*** Recorded information Section Begins ***
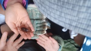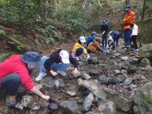 沢では、サワガニを見付けました。寒さから、なかなかサワガニを見付けにくい状況でしたが、それでも、懸命に石をひっくり返し、見事にサワガニを見つけて大喜びしている子どもたちでした。
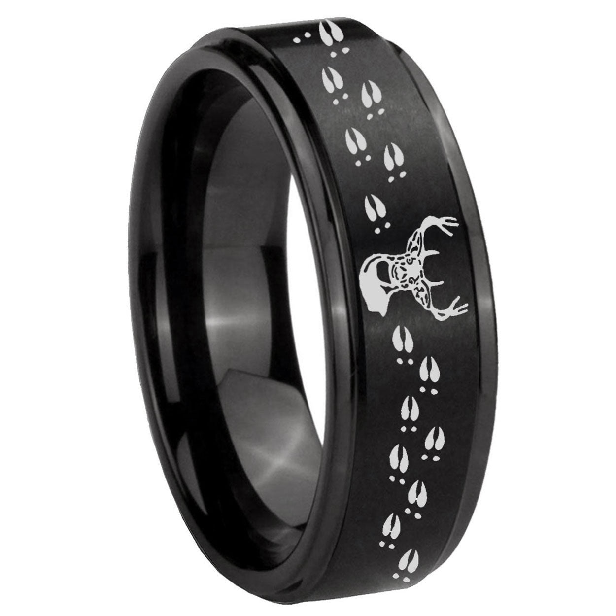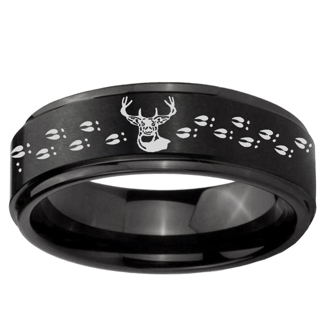 Intruding 5, 8mm Deer Antler Step Edges Brush Black Tungsten Carbide Men's Band Ring . Offer in both 5mm and 8mm band width brush black plated finished from size 4 to 14
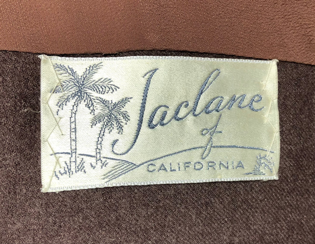 Carrying the Jaclane of California label along with the Adler’s retailer’s tag, this suit reflects both West Coast design and department store prestige. A true piece of mid-century fashion history.
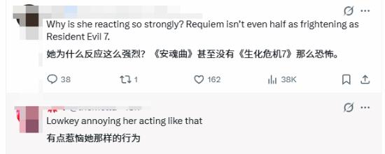 不过,安吉拉的这种表现也引发了部分网友的质疑。有网友表示,《生化危机9》其实并不是一款主打惊吓的恐怖游戏,更何况安吉拉作为参与配音和动捕的演员,已经看过游戏剧本,没必要表现得如此害怕。
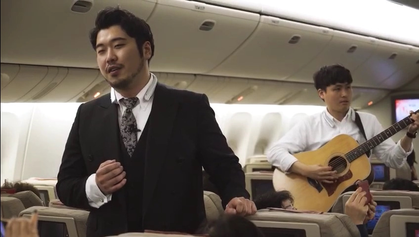 세계 최초로 300석 규모의 국적항공사 국제선 비행기에서 성악 라이브 공연을 펼치고, 탑승객 전원에게 제품을 증정한 이벤트 실황을 영상에 담았다.
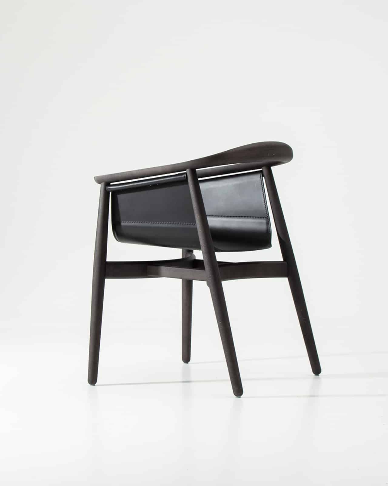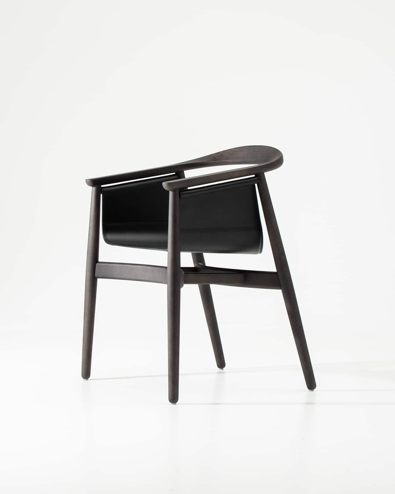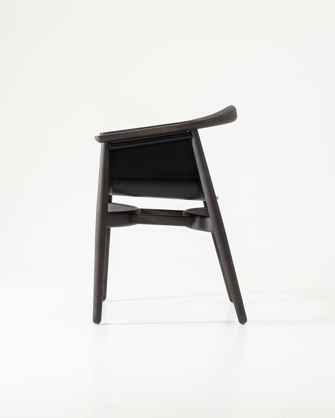 PELLE wirkt edel und großzügig, seine halbrunde Rücken- und Armlehne zitiert die Formensprache skandinavischer Klassiker. Das Besondere an PELLE ist sein frei hängender Sitz. Er wird von einer Rundstrebe gehalten, die unterhalb der Lehne verläuft. Wie aufgewickelt hält das Rundholz den Sitz aus Kernleder. PELLE eignet sich als Solitär am Schreibtisch und in der Gruppe um den Tisch.
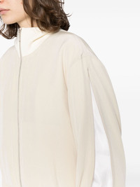 panelled reversible bomber jacket Highlights - White/beige - Silk - Panelled design - Reversible - High neck - Front zip fastening - Long sleeves - Two front flap pockets - Straight hem - Ribbed cuffs and hem Imported Composition Lining: Viscose 100% Outer: Silk 100% SIZE & FIT Model measurements Height 5 ft 10 in(1.78 m) Bust/Chest 32.67 in(83 cm) Hips 37 in(94 cm) Waist 25.59 in(65 cm) FittingInformation Designed for a relaxed fit, this piece allows for comfort and movement when worn The ribbed hem offers a close, comfortable fit Made from a midweight non-stretch fabric This piece fits true to size – take your usual size
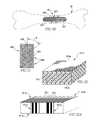 InFIGS. 32-32A, thespacer fabrics1810,1810ainclude top and bottom panels1814a-1814hand1814c-1814drespectively. InFIG. 32 themiddle section1813 includes an essentially uniform distribution of fibers extending between the top andbottom panels1814a,1814b. InFIG. 32A, groups ofvertical fibers1813aare spaced apart. As one example, for a piece ofspacer fabric1810athat is about 14 mm wide and about 8 mm thick, the groups offibers1813amay have widths of about 3 mm with spacings of about 2 mm betweengroups1813a. Of course, these dimensions can vary greatly and will depend on the width, thickness and desired compressibility and expandability properties of the spacer fabric.
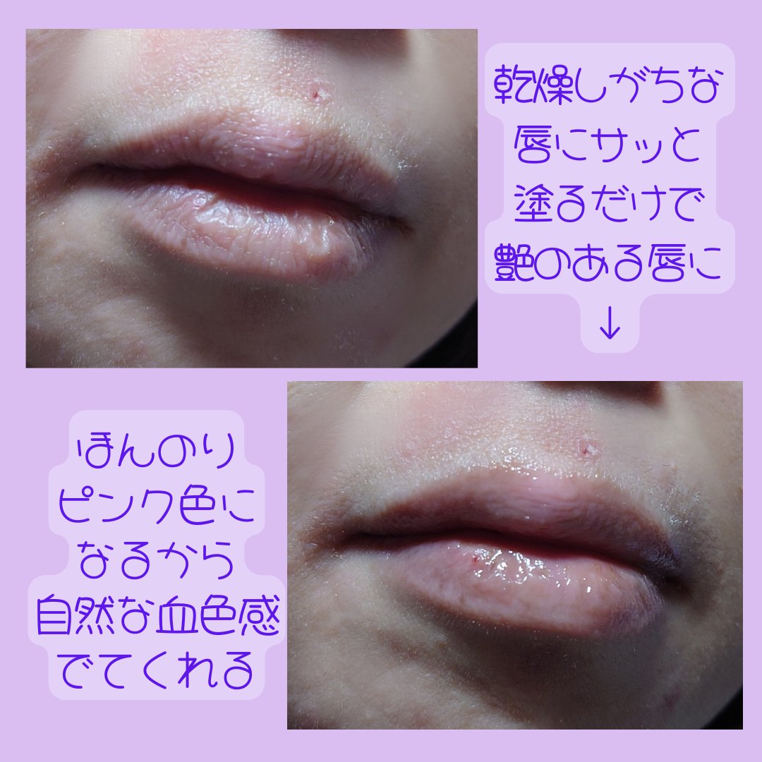 このパープルとイエローは、着色料ではなく、自然由来成分からの色だそうです。 香りも香料ではなく、使っている成分からの香りで、パープルはなんとなくほんのりとお花の香り、イエローは微かにシトラス系の香りがします。 一応パープルはデイリーケア用で、普段から頻繁に濡れてベタつかないテクスチャーです。 対してイエローはナイトケアにお勧めで、唇が柔らかくなるようにケアしてくれるそうです。 リップマスクの代わりに使って、唇に栄養を与えてくれて、朝に浮いた角質を優しく落とすと、なめらかな唇にしてくれるそうです。
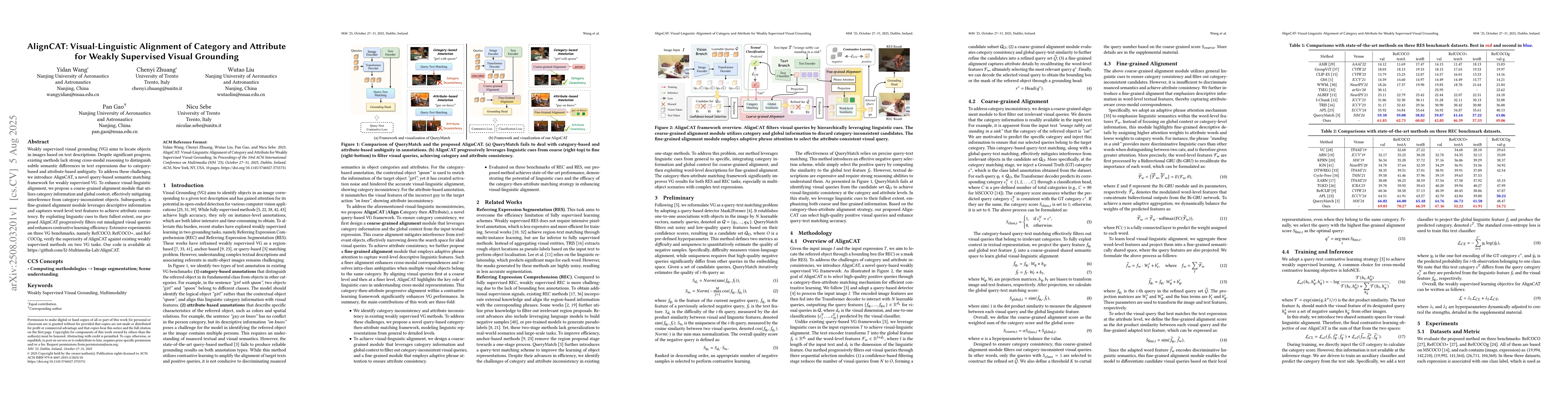 Weakly supervised visual grounding (VG) aims to locate objects in images based on text descriptions. Despite significant progress, existing methods lack strong cross-modal reasoning to distinguish subtle semantic differences in text expressions due to category-based and attribute-based ambiguity. To address these challenges, we introduce AlignCAT, a novel query-based semantic matching framework for weakly supervised VG. To enhance visual-linguistic alignment, we propose a coarse-grained alignment module that utilizes category information and global context, effectively mitigating interference from category-inconsistent objects. Subsequently, a fine-grained alignment module leverages descriptive information and captures word-level text features to achieve attribute consistency. By exploiting linguistic cues to their fullest extent, our proposed AlignCAT progressively filters out misaligned visual queries and enhances contrastive learning efficiency. Extensive experiments on three VG benchmarks, namely RefCOCO, RefCOCO+, and RefCOCOg, verify the superiority of AlignCAT against existing weakly supervised methods on two VG tasks. Our code is available at: https://github.com/I2-Multimedia-Lab/AlignCAT.
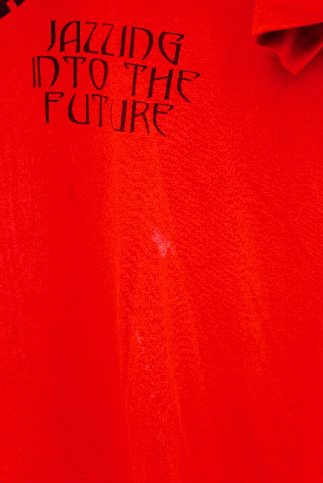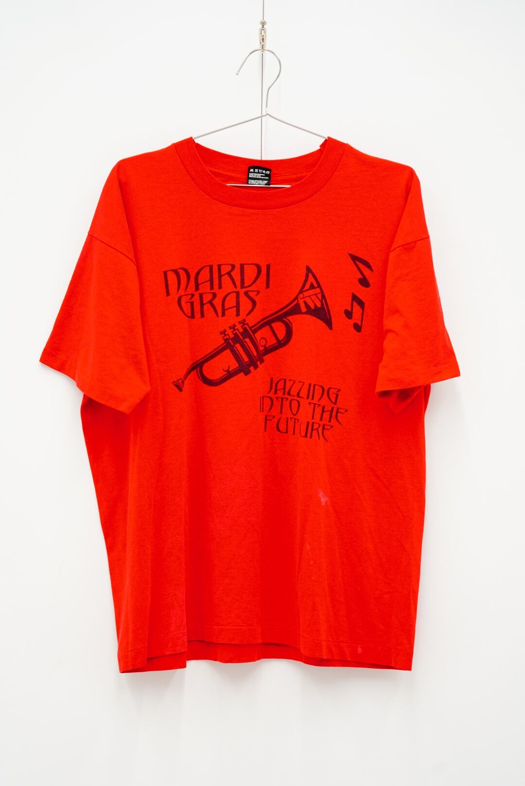 90年代FRUIT OF THE LOOM製の「MARDI GRAS – JAZZING INTO THE FUTURE」プリントTシャツ。
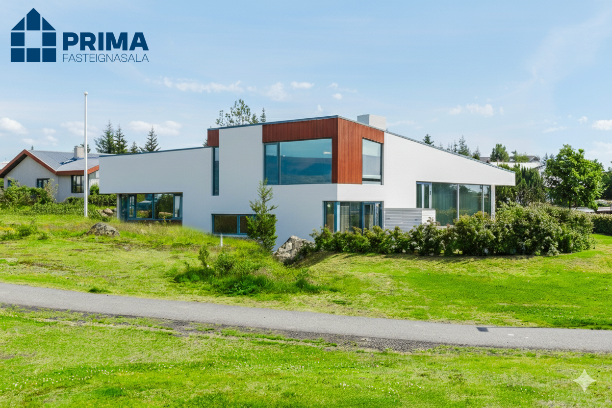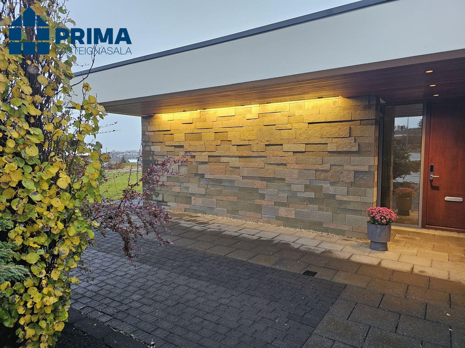 Einstaklega fallegt og vandað hús sem vert er að skoða. Húsið er staðsteypt, einangrað að utan og klætt með múrklæðningu og setrusviðarklæðningu. Húsið hefur fengið
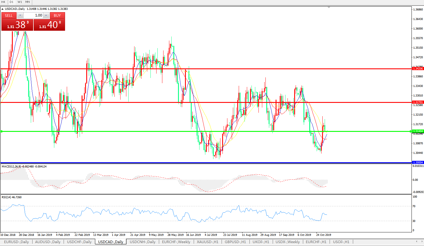 美元兑加元USDCAD 日线图:
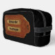 Personnalisez l'étiquette d'identification en faux cuir vintage de ce sac de toilette photographique avec son nom et son occupation ou esprit. Un cadeau idéal pour la retraite, la promotion, les anniversaires ou la Fête des pères, que ce soit pour un Roadtripper, Wanderer, Retiree, World Traveller ou Best Papa, Homme ou Groomsmen. Il a un look classique en noir et son aspect réaliste, riche photographique en cuir patiné brun et vieilles inserts en papier tan vieilli. Tous les textes de chaque côté sont personnalisables individuellement pour le cadeau personnalisé parfait.
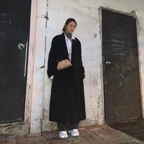 이런 롱코트에 가방하나만 걸쳤는데 무엇...
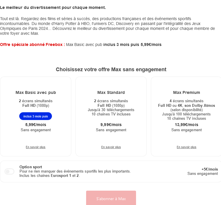 Chaque offre est sans engagement et vous pouvez à tout moment résilier Max si vous n’êtes pas convaincus. À noter, pour souscrire, il est impératif d’être connecté à sa Freebox. Il est également possible d’activer une option sport, donnant accès à Eurosport 1 et 2 pour 5€/mois.
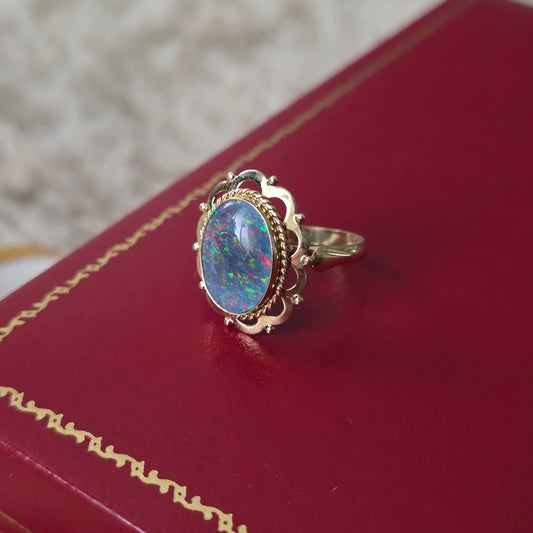 Vintage 9k gouden ring met paarse toermalijn en diamant
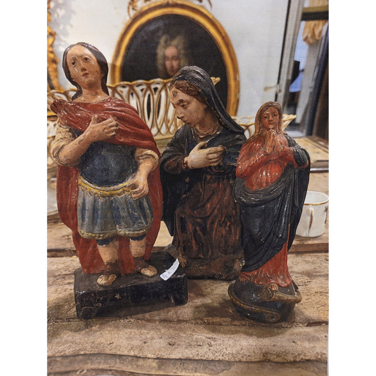 Tre sculture raffiguranti due Madonnine ed un Santo in terracotta dorata
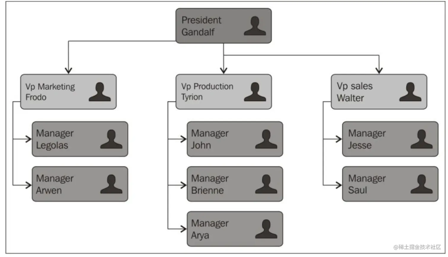 树结构是对人类社会中等级结构的抽象。树结构在生活中最常见的实例是家庭成员树、公司组织结构图:
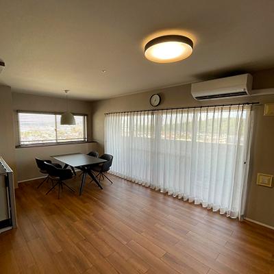 開口の広い掃き出し窓には、ブラウンがかったレースカーテンを採用。
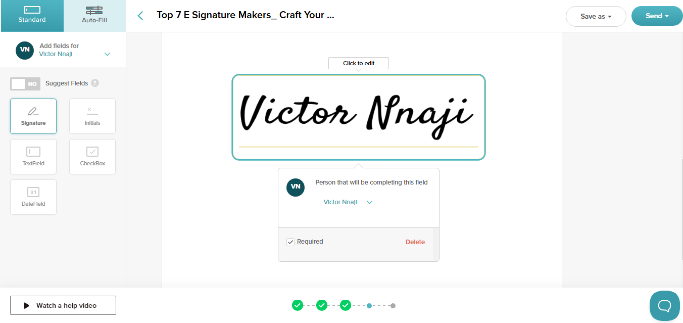 SignWell is a straightforward electronic signature generator designed for quick implementation. This cloud-based platform focuses on providing essential e-signature features without overwhelming users with complex options. Perfect for anyone seeking to create unique digital signatures without the learning curve of more complex design tools.
*** Recorded information Section Ends ***
--- Your objective ---
Word for word, restate the lines above from the first through the one that contains "Intruding 5, 8mm", and exclude all pictures.

--- Solved exercise ---
 沢では、サワガニを見付けました。寒さから、なかなかサワガニを見付けにくい状況でしたが、それでも、懸命に石をひっくり返し、見事にサワガニを見つけて大喜びしている子どもたちでした。
 Intruding 5, 8mm Deer Antler Step Edges Brush Black Tungsten Carbide Men's Band Ring . Offer in both 5mm and 8mm band width brush black plated finished from size 4 to 14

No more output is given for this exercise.